Biorelevant Media l Hydrodynamics in the GIT l API/Formulation properties
Biorelevant Media l Hydrodynamics
in the GIT l API/Formulation
properties
How a medicine
should be taken is usually explained in the patient information leaflet
provided by the manufacturer. Whether a drug is taken before or after a meal
can have a big impact on its absorption because food changes the properties of
gastrointestinal fluids a lot. Gut fluids in both fasted and fed states are
simulated by Biorelevant Media.
I have already shared the information regarding Fluid
composition in the GIT. More details refer link
https://pharmatutor21.blogspot.com/2021/01/biorelevant-dissolution-media.html
This blog will help you to understand other two steps i.e. Hydrodynamics
in the GIT and API/formulation properties
Biorelevant dissolution medium
Before the development of biorelevant dissolution medium the
following steps should be considered
1) Fluid composition in the GIT
2) Hydrodynamics in
the GIT
3) API/formulation
properties
4) Prediction of plasma profile
5) Development of IVIVCs
2) Hydrodynamics:
The dissolution fluid
flow characteristics should consist of a predictable pattern that is free of
irregularities or variable turbulence. Hydrodynamics is predominant for the
overall dissolution rate if the mass transfer process is mainly controlled by
convection/diffusion as is usually the case for poorly soluble substances. A
thorough knowledge of hydrodynamics is useful in the course of dissolution
method development and formulation development for pharmaceutical industries
quality needs. The dissolution apparatus used for different formulation are
shown in Table 1.
Table 1: Apparatus used for different formulation
Types of dosage
form |
Release method |
Solid oral dosage form |
Basket, paddle, reciprocating
cylinder |
Implants |
Modified flow through cell |
Chewing gum |
Special apparatus |
Powders & granules |
Flow through cell |
For more details about the dissolution apparatus used for different formulation refer the link
https://pharmatutor21.blogspot.com/2021/01/different-dissolution-testing-apparatus.html
Muscular contraction
in the wall of the small intestine achieve two objectives one is stirring of
the contents to increase exposure to enzymes and to bring the luminaly digested
products close to the wall and second propulsion of indigestible material
towards the distal gut.
3) API/Formulation characteristics
Knowledge of the physiochemical
nature of a compound in biorelevant media is useful for formulation
development, which follows API phase selection.
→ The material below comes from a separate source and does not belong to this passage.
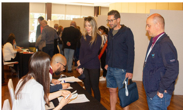
Recogida de documentación. Tarde del 24 abril.

Fue allá por 2018 cuando el Grupo de Investigación en Materiales de Carbón, de la Universidad de Granada, recibió el encargo para la organización de la XV Reunión del Grupo Español del Carbón (GEC-20). La presentación del mismo se llevó a cabo en Alicante, durante la celebración del CESEP de 2019, y las fechas elegidas fueron del 26 al 29 de abril de 2020. Puestos manos a la obra con mucha ilusión, estando ya el programa científico terminado, y las inscripciones pagadas nos sobrevino la pandemia, sus consecuencias, y tuvimos que suspender la Reunión. Esto implicó la cancelación de los acuerdos, precontratos y contratos con las empresas e entidades participantes, tanto del programa científico como social del GEC-20, así como la devolución de las cuotas, tarea administrativa singularmente tediosa. Hubo algunos intentos de reactivar el GEC-20, otoño 2020 y primavera de 2021, pero la inseguridad constante tanto desde el punto de vista sanitario, como jurídico-administrativo, nos hizo desistir. Finalmente, y de acuerdo con la Junta Directiva del GEC, cruzamos los dedos y nos lanzamos a una segunda aventura organizativa con vistas al 24 al 27 de abril de 2022, fechas en las que finalmente se pudo celebrar.

Based on this information the
pKa profile of compound could be improved by modifying the surfactants or
excipients in the formulation. Many new chemical entities possess
physiochemical characteristics unfavorable for oral absorption.
· BCS:
A biopharmaceutical
classification system is a scientific framework for classifying the drug
substance based on their aqueous solubility and intestinal permeability. The
BCS was first devised in 1995, by Amidon et al and since then it has become a
benchmark in the regulation of bioequivalence of oral drug products. According
to BCS classification drugs can be categorized as follows
Class 1: High
solubility and high permeability
Class 2: Low
solubility and high permeability
Class 3: High
solubility and low permeability
Class 4: Low
solubility and low permeability
For drugs belonging
to class 1 and 3, simple aqueous media such as SGF and SIF (with or without
enzymes) are suggested. In contrast for class 2 and 4 use of biorelevant media
is recommended for dissolution testing. There are various methods of
determination of solubility and permeability.
For more details of
BCS classification, refer link
https://pharmatutor21.blogspot.com/2021/01/the-biopharmaceutics-classification.html
· Solubility:
Solubility is a
crucial parameter for successful drug development as poor solubility
compromises the Pharmacokinetic and Pharmacodynamic properties of drug. Drug
solubility testing in biorelevant media has become an indispensable tool in
pharmaceutical development.
Solubility can be
measured either thermodynamically or kinetically.
Ø Thermodynamic
solubility can be defined as the concentration in solution of a compound
in equilibrium with an excess of solid material at the end of the dissolution
process and often considered as true solubility.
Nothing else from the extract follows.